• _SOURCE MATERIAL_:

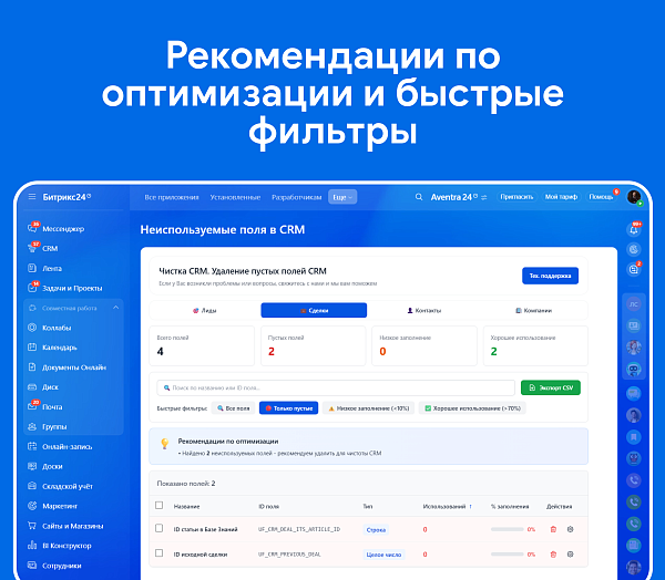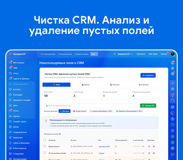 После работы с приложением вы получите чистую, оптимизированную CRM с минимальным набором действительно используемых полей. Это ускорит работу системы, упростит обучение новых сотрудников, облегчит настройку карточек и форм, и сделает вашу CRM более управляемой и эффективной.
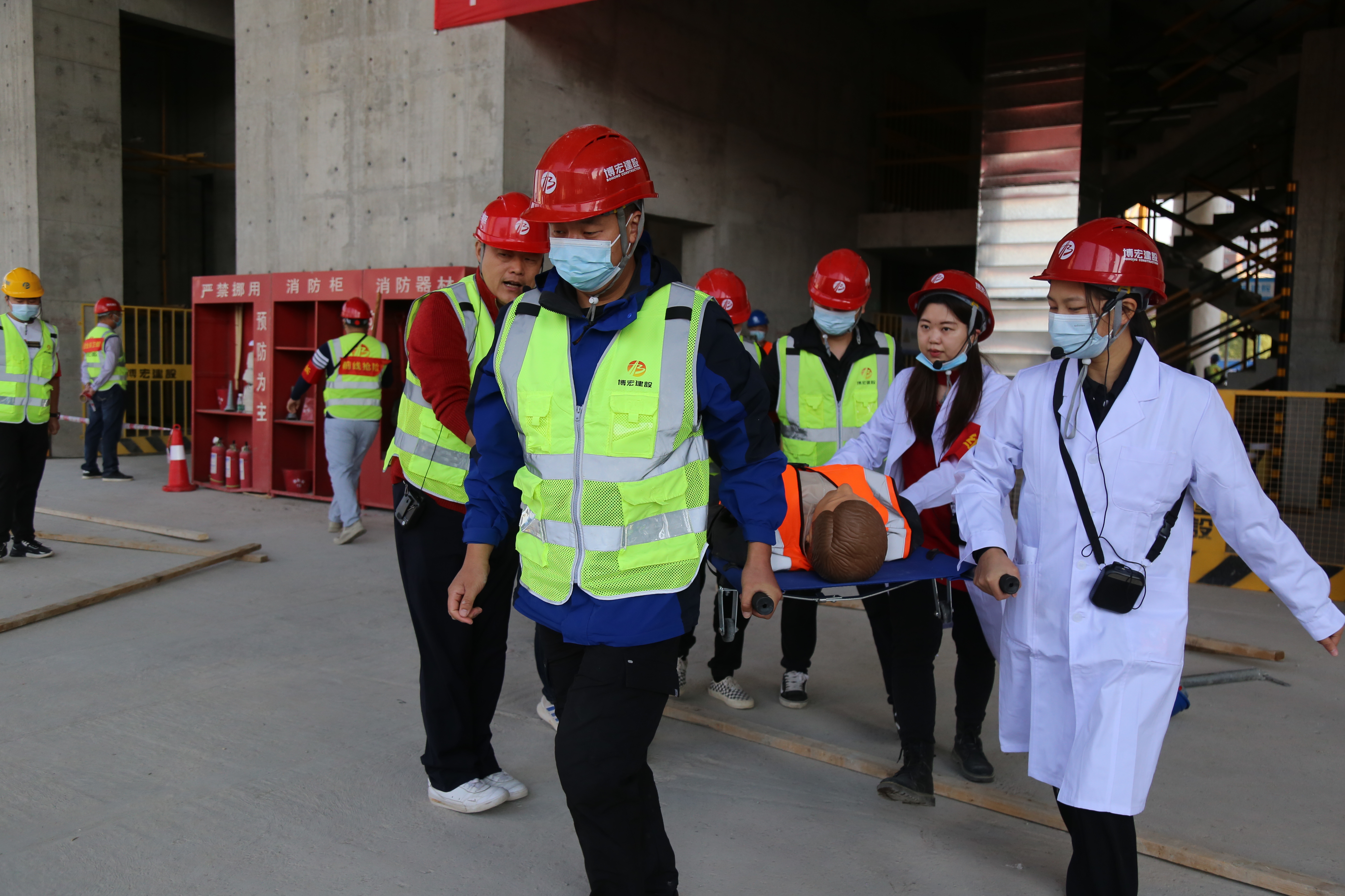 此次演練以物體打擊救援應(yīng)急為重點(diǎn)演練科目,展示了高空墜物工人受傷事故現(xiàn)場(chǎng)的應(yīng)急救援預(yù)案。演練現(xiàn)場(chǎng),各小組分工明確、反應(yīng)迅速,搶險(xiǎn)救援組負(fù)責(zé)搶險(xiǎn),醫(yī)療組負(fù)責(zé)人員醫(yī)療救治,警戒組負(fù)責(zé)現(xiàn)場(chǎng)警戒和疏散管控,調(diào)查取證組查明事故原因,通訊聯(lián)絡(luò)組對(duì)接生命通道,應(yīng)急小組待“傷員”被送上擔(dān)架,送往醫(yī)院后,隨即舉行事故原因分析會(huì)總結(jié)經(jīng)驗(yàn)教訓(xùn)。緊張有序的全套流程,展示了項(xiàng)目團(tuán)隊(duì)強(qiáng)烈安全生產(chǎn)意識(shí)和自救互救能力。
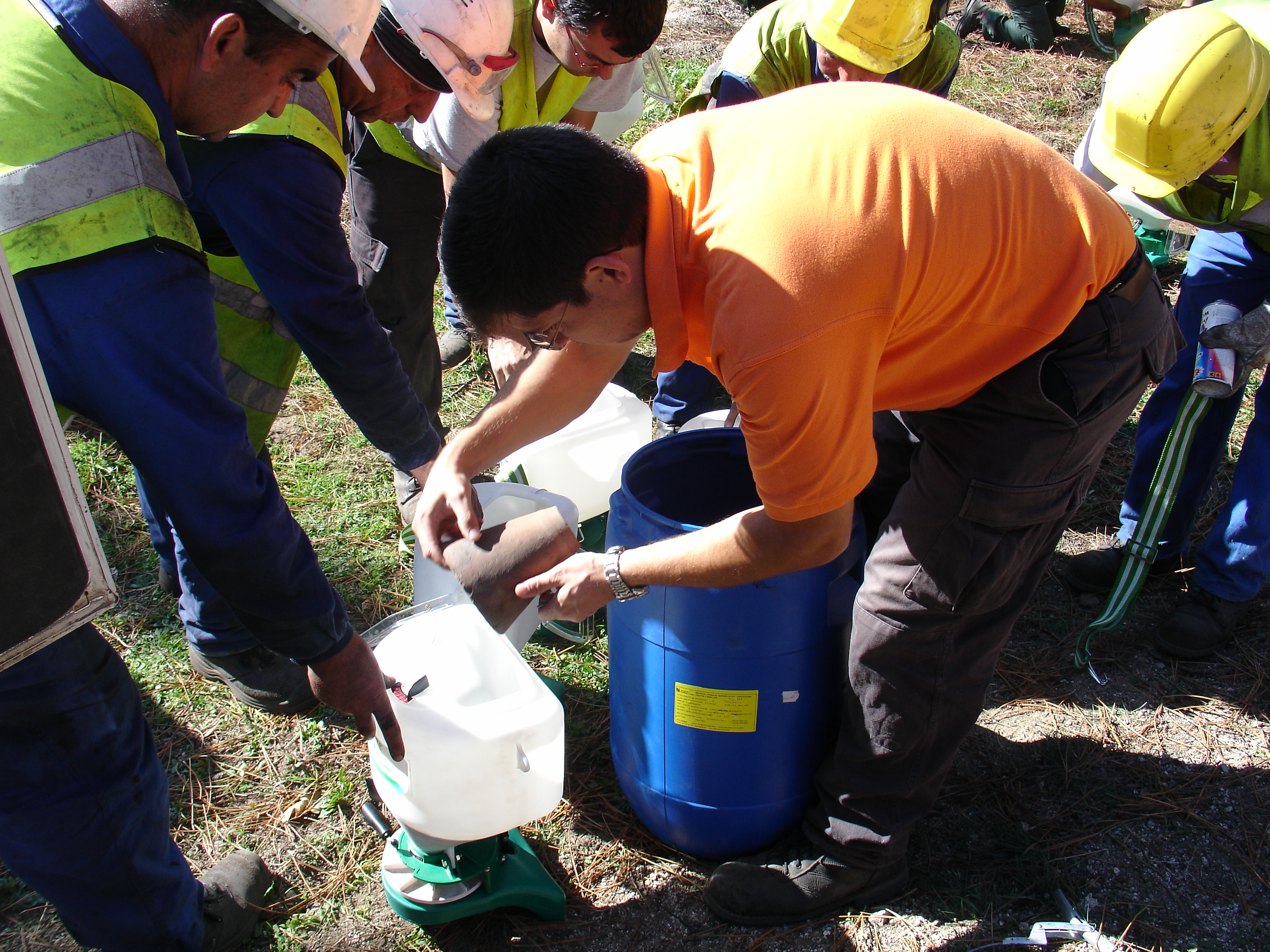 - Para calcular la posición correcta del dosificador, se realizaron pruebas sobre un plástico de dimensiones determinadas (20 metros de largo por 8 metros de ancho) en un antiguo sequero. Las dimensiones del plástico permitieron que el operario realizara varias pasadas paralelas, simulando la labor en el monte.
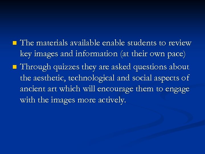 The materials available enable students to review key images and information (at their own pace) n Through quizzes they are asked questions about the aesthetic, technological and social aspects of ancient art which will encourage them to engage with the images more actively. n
==
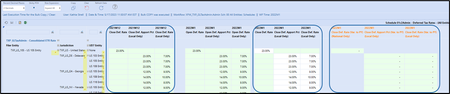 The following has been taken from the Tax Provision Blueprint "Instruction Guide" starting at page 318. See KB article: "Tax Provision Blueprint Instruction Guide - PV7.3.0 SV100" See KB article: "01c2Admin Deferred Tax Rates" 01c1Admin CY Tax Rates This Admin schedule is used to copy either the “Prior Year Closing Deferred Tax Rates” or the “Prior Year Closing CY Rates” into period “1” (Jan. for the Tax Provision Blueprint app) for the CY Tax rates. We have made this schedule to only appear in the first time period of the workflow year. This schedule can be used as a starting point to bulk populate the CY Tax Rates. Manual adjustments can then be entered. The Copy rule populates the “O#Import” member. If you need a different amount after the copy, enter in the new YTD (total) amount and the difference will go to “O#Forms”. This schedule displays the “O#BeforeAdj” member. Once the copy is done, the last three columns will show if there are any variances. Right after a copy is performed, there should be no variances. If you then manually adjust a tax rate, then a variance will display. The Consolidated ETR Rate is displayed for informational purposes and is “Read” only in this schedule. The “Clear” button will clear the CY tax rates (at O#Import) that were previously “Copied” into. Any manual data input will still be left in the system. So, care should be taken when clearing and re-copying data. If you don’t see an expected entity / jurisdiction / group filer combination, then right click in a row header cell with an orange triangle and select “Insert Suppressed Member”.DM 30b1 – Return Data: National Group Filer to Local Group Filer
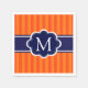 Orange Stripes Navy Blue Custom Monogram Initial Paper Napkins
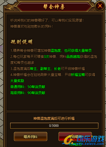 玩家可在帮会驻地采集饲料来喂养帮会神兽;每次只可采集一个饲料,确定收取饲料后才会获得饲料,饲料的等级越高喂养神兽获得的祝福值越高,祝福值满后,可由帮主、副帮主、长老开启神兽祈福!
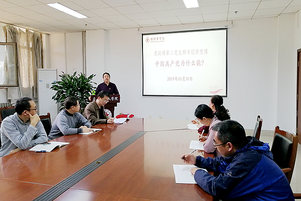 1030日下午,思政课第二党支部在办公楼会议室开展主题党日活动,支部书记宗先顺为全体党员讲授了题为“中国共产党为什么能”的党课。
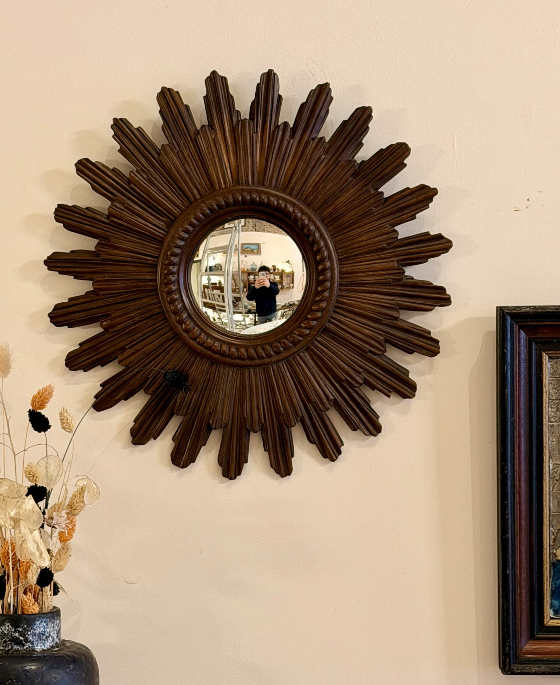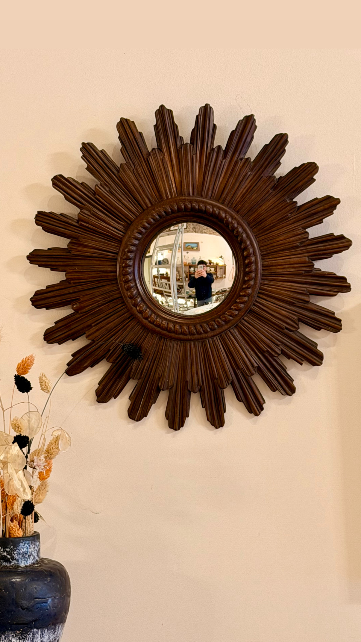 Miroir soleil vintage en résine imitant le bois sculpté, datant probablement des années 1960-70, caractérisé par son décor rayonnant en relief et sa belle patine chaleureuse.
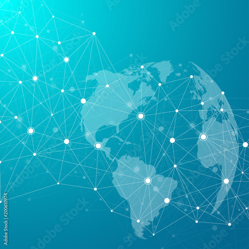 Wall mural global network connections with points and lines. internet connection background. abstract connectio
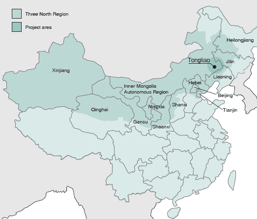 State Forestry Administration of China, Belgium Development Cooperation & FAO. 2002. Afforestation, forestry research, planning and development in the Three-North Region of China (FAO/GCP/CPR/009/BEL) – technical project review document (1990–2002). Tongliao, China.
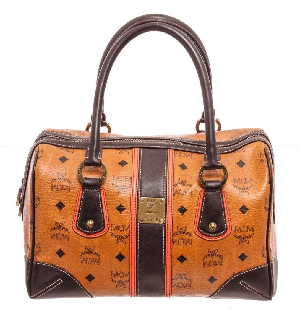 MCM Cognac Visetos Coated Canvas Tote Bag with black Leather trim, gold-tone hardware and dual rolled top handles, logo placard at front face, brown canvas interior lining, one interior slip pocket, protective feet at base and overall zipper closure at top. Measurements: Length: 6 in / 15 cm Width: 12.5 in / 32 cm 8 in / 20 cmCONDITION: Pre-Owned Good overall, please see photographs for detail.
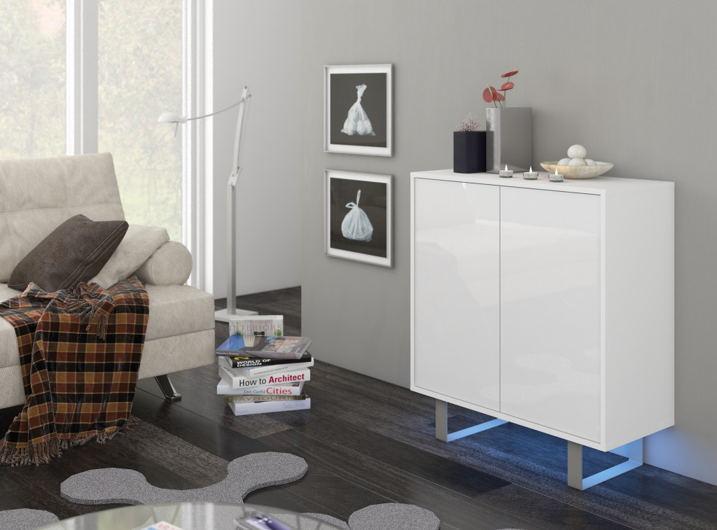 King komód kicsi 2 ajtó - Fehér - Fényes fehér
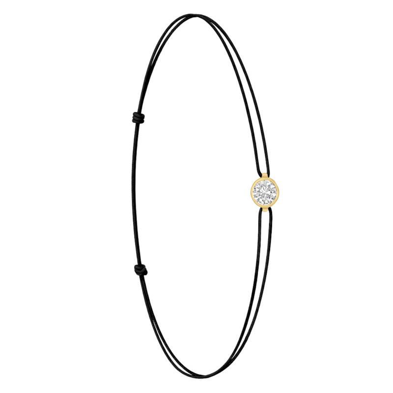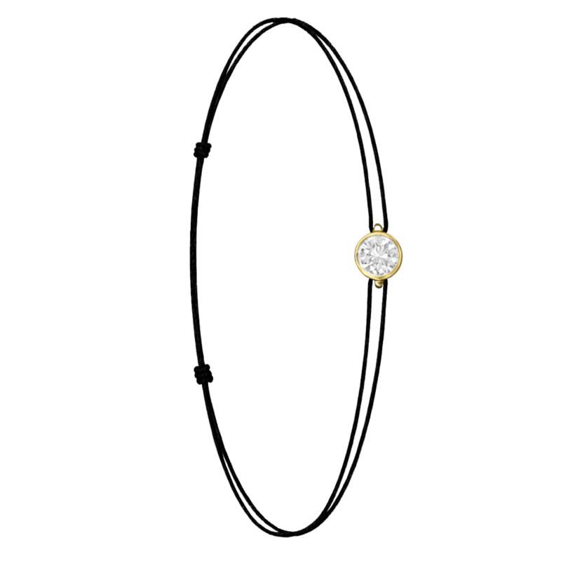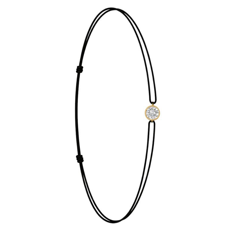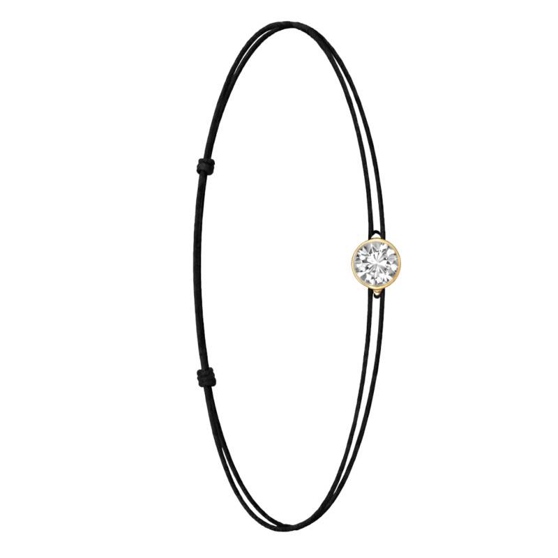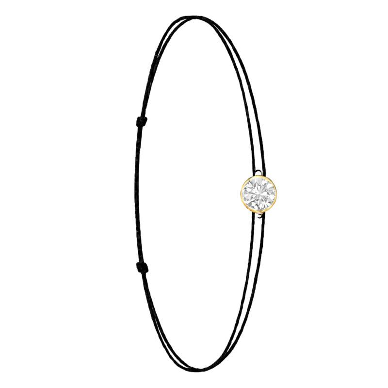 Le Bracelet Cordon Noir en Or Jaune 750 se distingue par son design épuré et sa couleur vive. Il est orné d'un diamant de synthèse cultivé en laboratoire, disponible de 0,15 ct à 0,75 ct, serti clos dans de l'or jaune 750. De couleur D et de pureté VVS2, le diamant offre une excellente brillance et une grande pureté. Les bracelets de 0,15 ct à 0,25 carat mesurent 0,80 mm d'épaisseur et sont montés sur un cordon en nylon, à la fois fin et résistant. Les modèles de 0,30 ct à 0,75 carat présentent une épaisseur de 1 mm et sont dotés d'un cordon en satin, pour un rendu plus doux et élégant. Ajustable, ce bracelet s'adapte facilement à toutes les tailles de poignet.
* * *
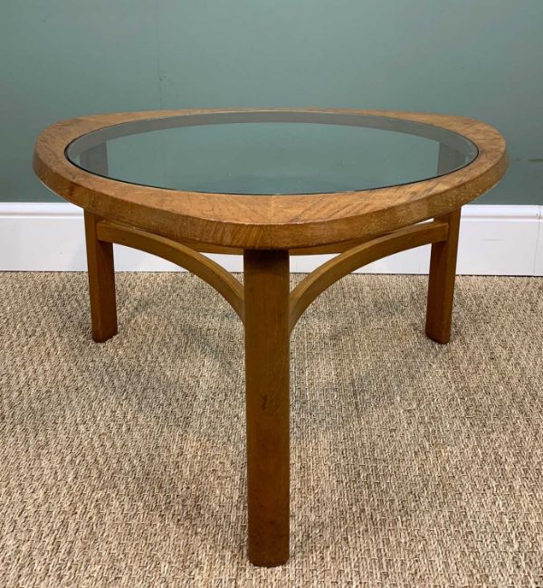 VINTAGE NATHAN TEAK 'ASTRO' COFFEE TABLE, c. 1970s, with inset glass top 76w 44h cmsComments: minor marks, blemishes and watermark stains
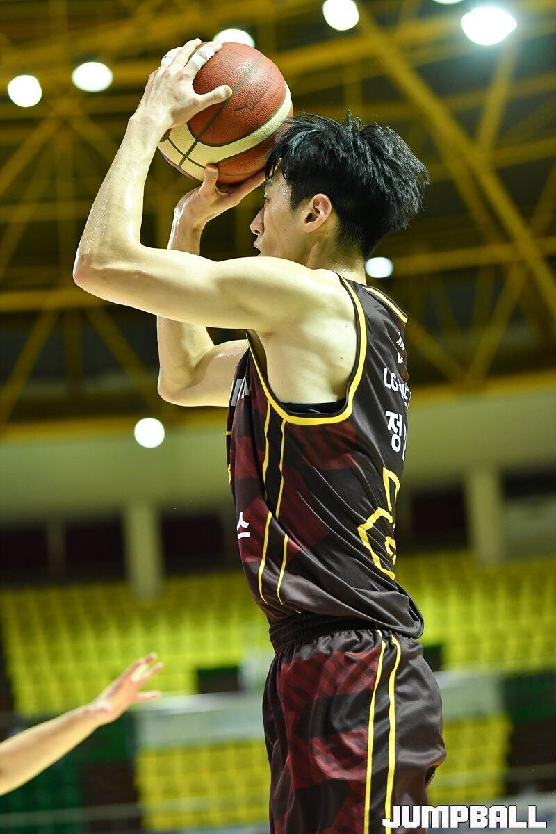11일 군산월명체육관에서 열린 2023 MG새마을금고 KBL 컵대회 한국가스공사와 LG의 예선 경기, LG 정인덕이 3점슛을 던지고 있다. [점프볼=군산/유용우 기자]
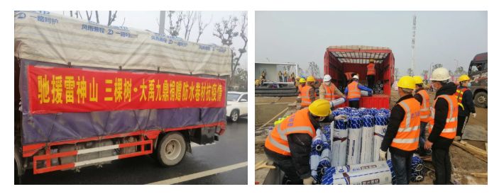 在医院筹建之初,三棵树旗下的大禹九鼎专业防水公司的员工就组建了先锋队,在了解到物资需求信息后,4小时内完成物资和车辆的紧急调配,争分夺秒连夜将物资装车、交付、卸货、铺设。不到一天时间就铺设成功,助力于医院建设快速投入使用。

• _WHAT IS BEING ASKED_: Among the entries above, take the lines from the one with "После работы с" through the one with "The materials available" and retype them exactly, leaving out the pictures.

• _RESPONSE TO THIS TASK_:
 После работы с приложением вы получите чистую, оптимизированную CRM с минимальным набором действительно используемых полей. Это ускорит работу системы, упростит обучение новых сотрудников, облегчит настройку карточек и форм, и сделает вашу CRM более управляемой и эффективной.
 此次演練以物體打擊救援應(yīng)急為重點(diǎn)演練科目,展示了高空墜物工人受傷事故現(xiàn)場(chǎng)的應(yīng)急救援預(yù)案。演練現(xiàn)場(chǎng),各小組分工明確、反應(yīng)迅速,搶險(xiǎn)救援組負(fù)責(zé)搶險(xiǎn),醫(yī)療組負(fù)責(zé)人員醫(yī)療救治,警戒組負(fù)責(zé)現(xiàn)場(chǎng)警戒和疏散管控,調(diào)查取證組查明事故原因,通訊聯(lián)絡(luò)組對(duì)接生命通道,應(yīng)急小組待“傷員”被送上擔(dān)架,送往醫(yī)院后,隨即舉行事故原因分析會(huì)總結(jié)經(jīng)驗(yàn)教訓(xùn)。緊張有序的全套流程,展示了項(xiàng)目團(tuán)隊(duì)強(qiáng)烈安全生產(chǎn)意識(shí)和自救互救能力。
 - Para calcular la posición correcta del dosificador, se realizaron pruebas sobre un plástico de dimensiones determinadas (20 metros de largo por 8 metros de ancho) en un antiguo sequero. Las dimensiones del plástico permitieron que el operario realizara varias pasadas paralelas, simulando la labor en el monte.
 The materials available enable students to review key images and information (at their own pace) n Through quizzes they are asked questions about the aesthetic, technological and social aspects of ancient art which will encourage them to engage with the images more actively. n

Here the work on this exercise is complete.